On adaptor security (in protocols)



Summary:

In a recent email exchange on the bitcoin-dev mailing list, a member called "LL" disagreed with another member, "waxwing," on the usefulness of single-signer adaptors. Waxwing claimed that these adaptors "don't provide a way to create enforcement that the publication of signature on a pre-defined message will reveal a secret" and are therefore useless. LL disagreed, stating that if someone holds a secret key for X and creates a signature adaptor with encryption key Y for a message m without creating any further signatures on m, any published signature on m necessarily reveals the secret on Y to them.
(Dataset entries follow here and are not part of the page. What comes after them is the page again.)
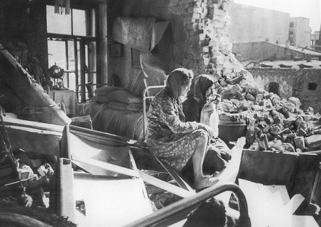 Фото, где женщина со старушкой сидят в разбитом доме, снято в Ленинграде в 1941 году.
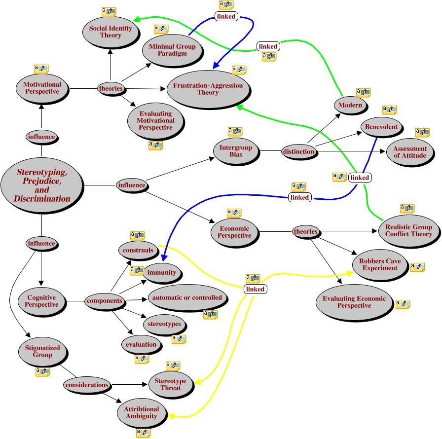 This Concept Map, created with IHMC CmapTools, has information related to: SPD, Benevolent linked immunity, Motivational Perspective theories Social Identity Theory, Economic Perspective theories Evaluating Economic Perspective, Cognitive Perspective components construals, construals linked Attribtional Ambiguity, Cognitive Perspective components automatic or controlled, Intergroup Bias distinction Modern, Cognitive Perspective components evaluation, Stereotyping, Prejudice, and Discrimination influence Stigmatized Group, construals linked Stereotype Threat, Realistic Group Conflict Theory linked Frustration-Aggression Theory, Cognitive Perspective components immunity, Motivational Perspective theories Evaluating Motivational Perspective, Intergroup Bias distinction Benevolent, Economic Perspective theories Robbers Cave Experiment, Stereotyping, Prejudice, and Discrimination influence Intergroup Bias, Stigmatized Group considerations Stereotype Threat, Motivational Perspective theories Frustration-Aggression Theory, Cognitive Perspective components stereotypes, Modern linked Social Identity Theory
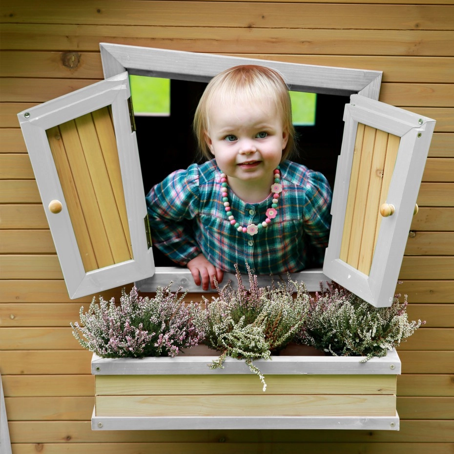 • De ramen van dit speelhuis zijn voorzien van transparant kunststof. Dit materiaal is veilig omdat het niet snel breekt en niet splintert.
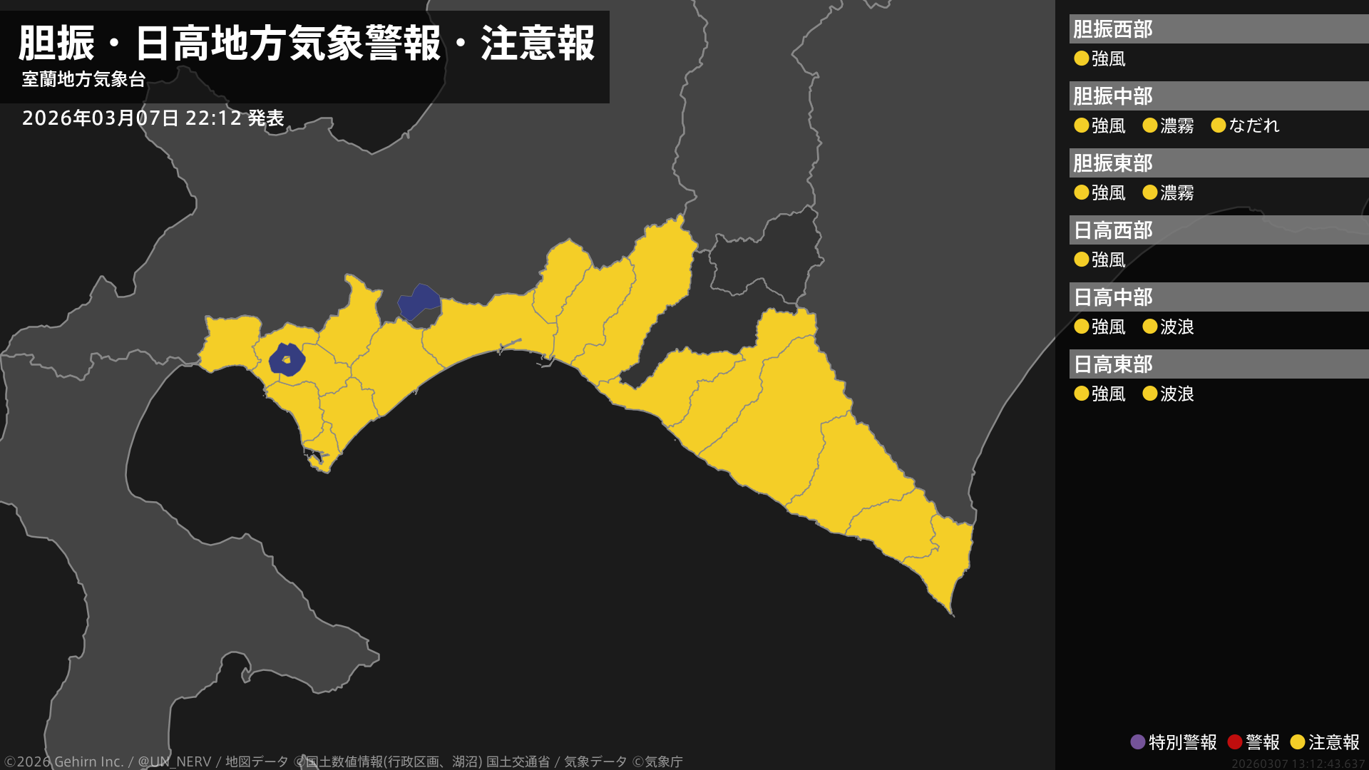 【胆振・日高地方 気象警報・注意報 2026年03月07日 22:12】胆振、日高地方では、強風に注意してください。日高地方では、高波に注意してください。胆振地方では、濃霧による視程障害やなだれに注意してください。#気象警報注意報 #胆振地方 #日高地方

LL believes this is useful and has already been used for years by DLCs in production.Additionally, LL suggests a general proof against all secure Schnorr signing schemes in the ROM by extending the ROM forwarding approach from Aumayer et al to all "tweak" operations on the elements that go into the Schnorr challenge hash, such as the public key and nonce. LL proposes that applying any bijective map to the (X,R) tuple before they go into the challenge hash function would prove all Schnorr-like schemes secure when bip32/TR tweaking (i.e., tweaking X) and adaptor tweaking (i.e., tweaking R) is applied to them, including MuSig2, MuSig, and FROST.In the original email, AdamISZ (also known as waxwing) mentioned that he was motivated to look more carefully at the security of using signature adaptors after becoming interested in the idea of using adaptors across N signing sessions for multiparty swaps. He posted his analysis on GitHub, which focuses on scenarios of multiple adaptors at once or multiple signing sessions at once with the same adaptor, specifically around MuSig but not MuSig2. The third case of "multiple signing sessions, same adaptor" proved to be the most interesting, as an issue arose around sequencing that may be irrelevant but is worth further discussion. AdamISZ seeks input from experts in the field on security reductions for this primitive in the case of multiple concurrent signing sessions, which has already been analyzed very carefully for base MuSig(2).